## Required work:
Set the listing down exactly; no pictures.

## Provided material:
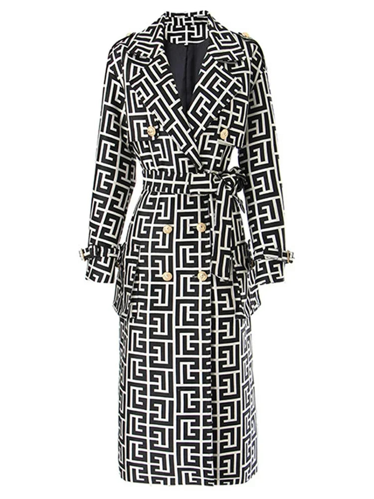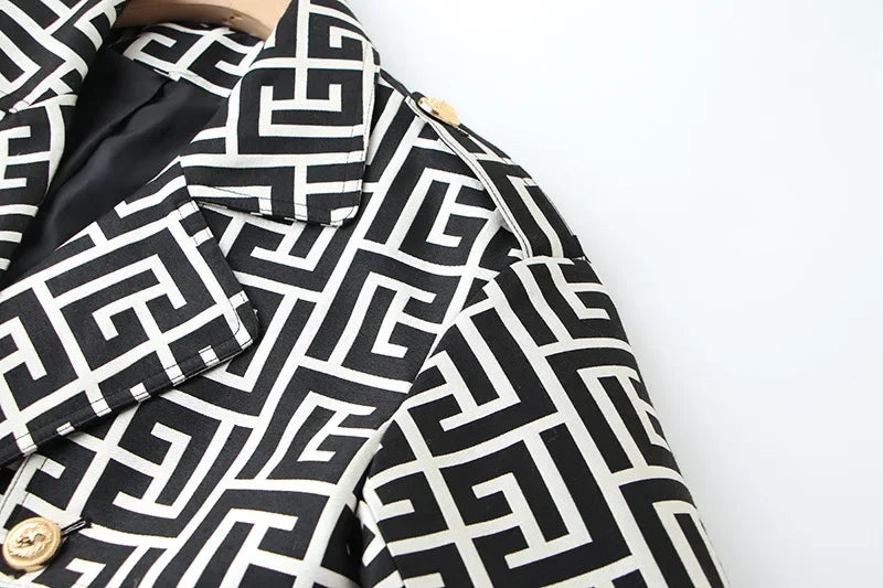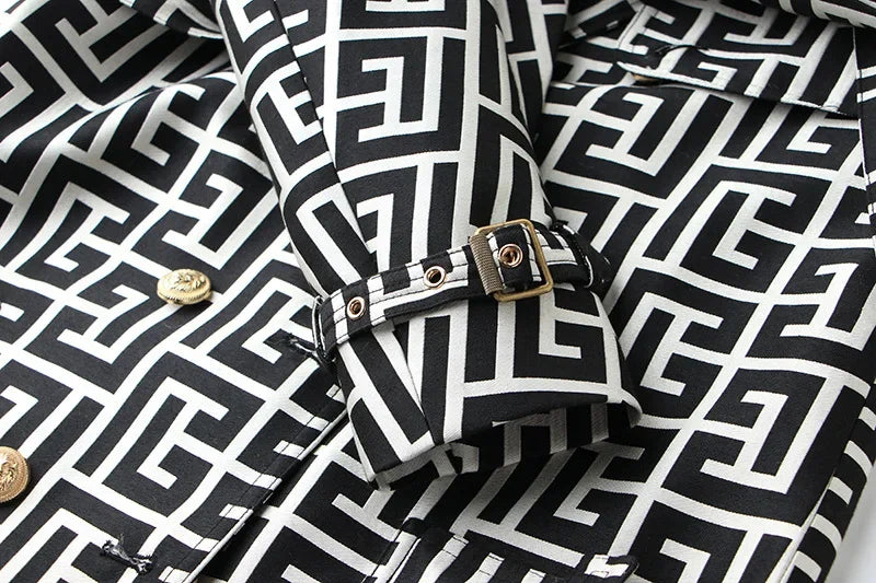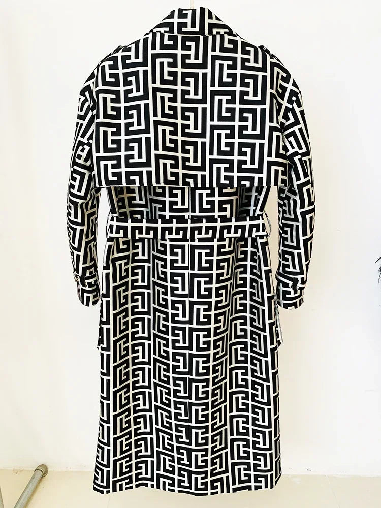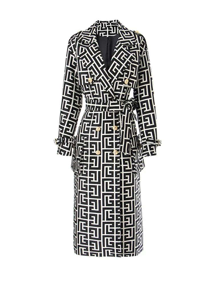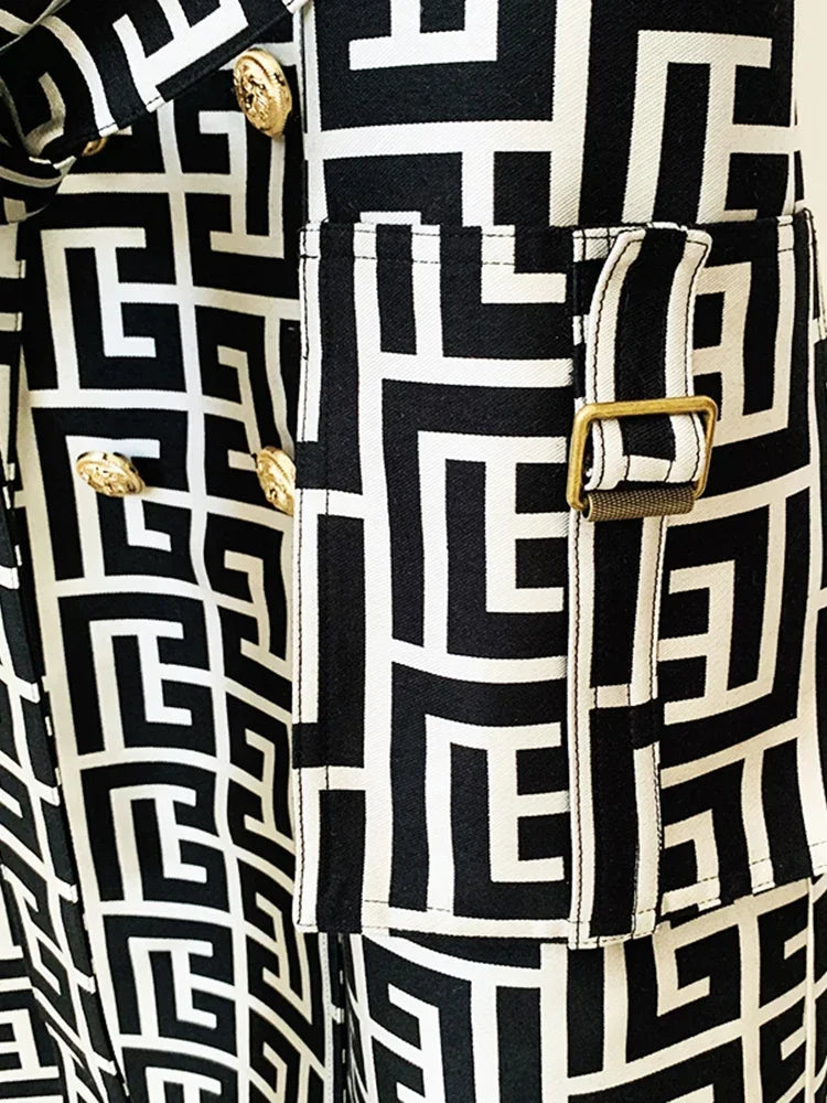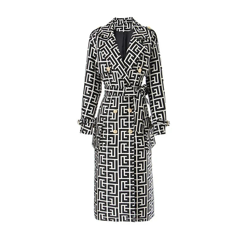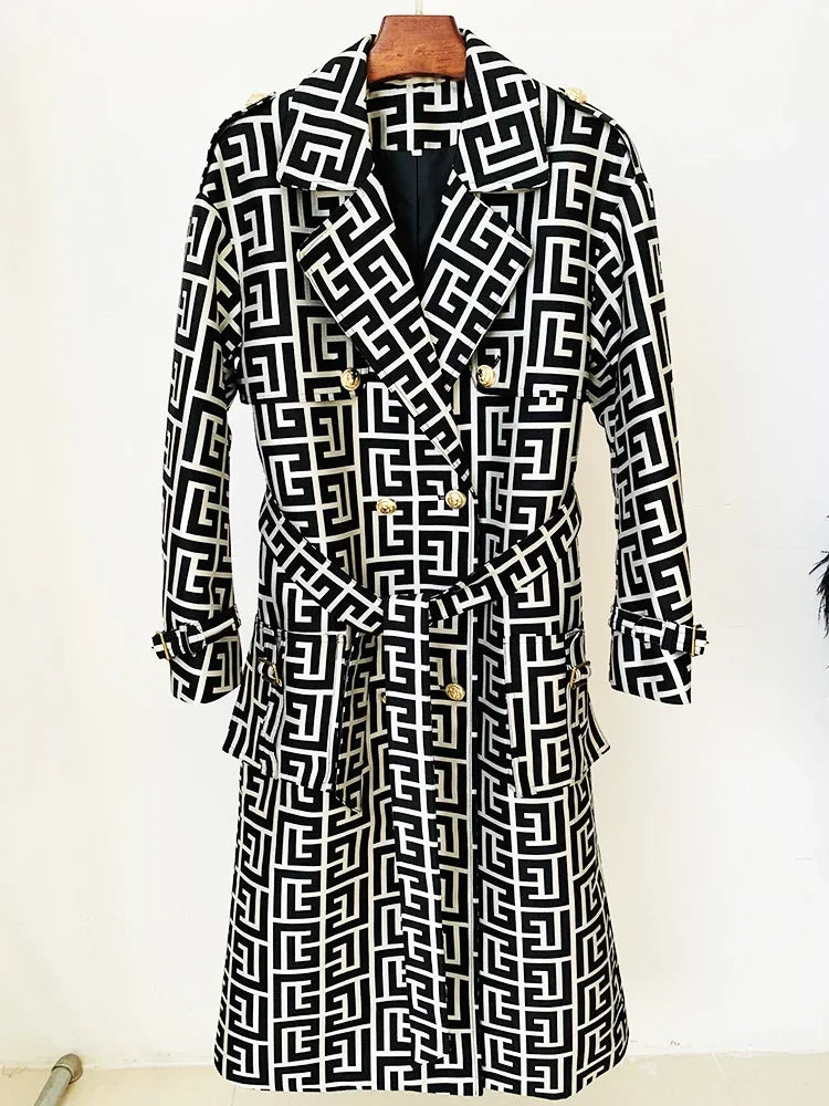 ✨ Este abrigo es una obra de arte en sí mismo: su patrón geométrico y diseño estructurado aportan un toque moderno y sofisticado. Los elegantes botones dorados y el cinturón ajustable realzan la figura, convirtiéndolo en la prenda perfecta para destacar con estilo y elegancia en cualquier ocasión. ✨
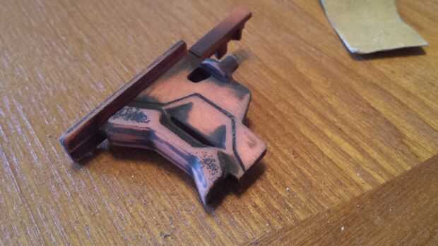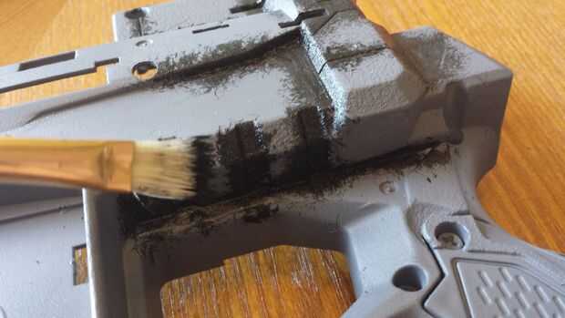 Para el cuerpo ahora gris de la pistola, también quería darle un look Grunge. Básicamente, para darle un aspecto sucio o utilizado, quería parecer suciedad y suciedad acumulados en los espacios más pequeños que normalmente no limpiarse el uso normal de forma. Para ello, utilicé una pintura de arte de acrílico para llenar en todos los rincones y grietas en el cuerpo (fotos 6-8). Después de dejarlo seco usé un trapo húmedo para limpiar el exceso de pintura dejando solo una mirada sucia en todos los espacios pequeños. Como se aprecia en el cuadro 9, después de limpiar la mayoría, es la pintura sólo negra que reside en los pequeños espacios.
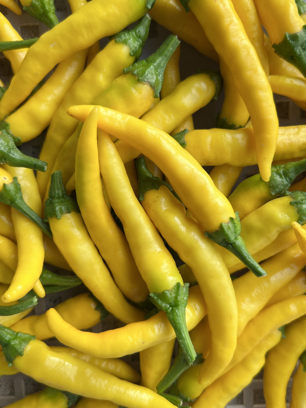 やっと、黄とうがらしが色づいてきたので、収穫をしました。

## Response area:
 ✨ Este abrigo es una obra de arte en sí mismo: su patrón geométrico y diseño estructurado aportan un toque moderno y sofisticado. Los elegantes botones dorados y el cinturón ajustable realzan la figura, convirtiéndolo en la prenda perfecta para destacar con estilo y elegancia en cualquier ocasión. ✨
 Para el cuerpo ahora gris de la pistola, también quería darle un look Grunge. Básicamente, para darle un aspecto sucio o utilizado, quería parecer suciedad y suciedad acumulados en los espacios más pequeños que normalmente no limpiarse el uso normal de forma. Para ello, utilicé una pintura de arte de acrílico para llenar en todos los rincones y grietas en el cuerpo (fotos 6-8). Después de dejarlo seco usé un trapo húmedo para limpiar el exceso de pintura dejando solo una mirada sucia en todos los espacios pequeños. Como se aprecia en el cuadro 9, después de limpiar la mayoría, es la pintura sólo negra que reside en los pequeños espacios.
 やっと、黄とうがらしが色づいてきたので、収穫をしました。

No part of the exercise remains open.